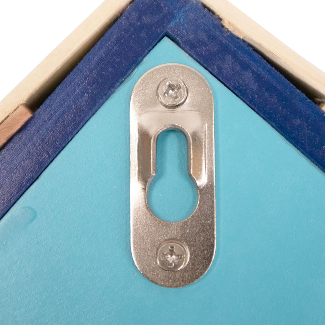 - Dark blue outline surrounds the entry hole and under the roof, for additional color contrast
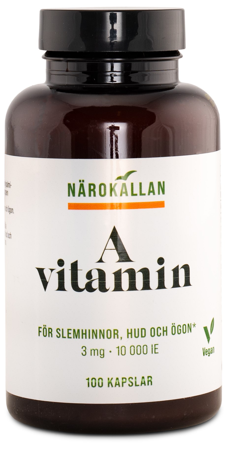 Närokällan A-Vitamin är ett tillskott av vitamin A. Tack vare dess rena och koncentrerade formula av retinylpalmitat kan kroppen ta upp vitaminet direkt. A-vitamin är ett viktigt vitamin för kroppens välmående och bidrar bland annat till ögats normala funktion men även till ett normalt fungerande immunsystem. A-vitaminet är hämtat från kokosfett. Kosttillskottet är helt veganskt och kapslarna är vegetabiliska gjorda av pullulan.
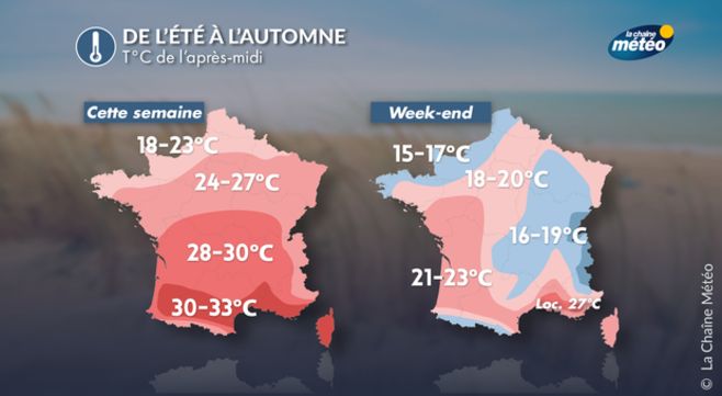 Avec un vent orienté au Nord, il fera très frais ! C'est surtout les après-midi, que la sensation de fraîcheur sera accentuée par les nuages, les averses et le vent du Nord. Les maximales afficheront 17 à 23°C du nord au sud, des valeurs inférieures de 3 à 5°C aux moyennes. Dimanche matin, il fera très frais avec des minimales parfois proches de 5°C au lever du jour dans les vallées d'Auvergne, en Normandie, en Bretagne, en Poitou ou en Sologne. Il est important de rappeler que ces premiers coups de fraîcheur sont tout à fait habituels en France à la fin du mois d'août.
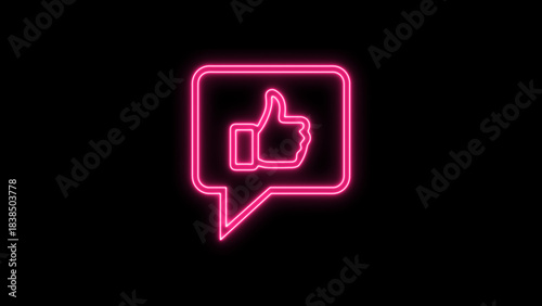 Fototapeta premium neon glowing thumbs up like icon inside a modern speech bubble, representing...

+ + + + + + +

▶ _ASSIGNMENT_: The response must restate each line of the material above exactly and contain no images.

▶ _WRITTEN REPLY_:
 - Dark blue outline surrounds the entry hole and under the roof, for additional color contrast
 Närokällan A-Vitamin är ett tillskott av vitamin A. Tack vare dess rena och koncentrerade formula av retinylpalmitat kan kroppen ta upp vitaminet direkt. A-vitamin är ett viktigt vitamin för kroppens välmående och bidrar bland annat till ögats normala funktion men även till ett normalt fungerande immunsystem. A-vitaminet är hämtat från kokosfett. Kosttillskottet är helt veganskt och kapslarna är vegetabiliska gjorda av pullulan.
 Avec un vent orienté au Nord, il fera très frais ! C'est surtout les après-midi, que la sensation de fraîcheur sera accentuée par les nuages, les averses et le vent du Nord. Les maximales afficheront 17 à 23°C du nord au sud, des valeurs inférieures de 3 à 5°C aux moyennes. Dimanche matin, il fera très frais avec des minimales parfois proches de 5°C au lever du jour dans les vallées d'Auvergne, en Normandie, en Bretagne, en Poitou ou en Sologne. Il est important de rappeler que ces premiers coups de fraîcheur sont tout à fait habituels en France à la fin du mois d'août.
 Fototapeta premium neon glowing thumbs up like icon inside a modern speech bubble, representing...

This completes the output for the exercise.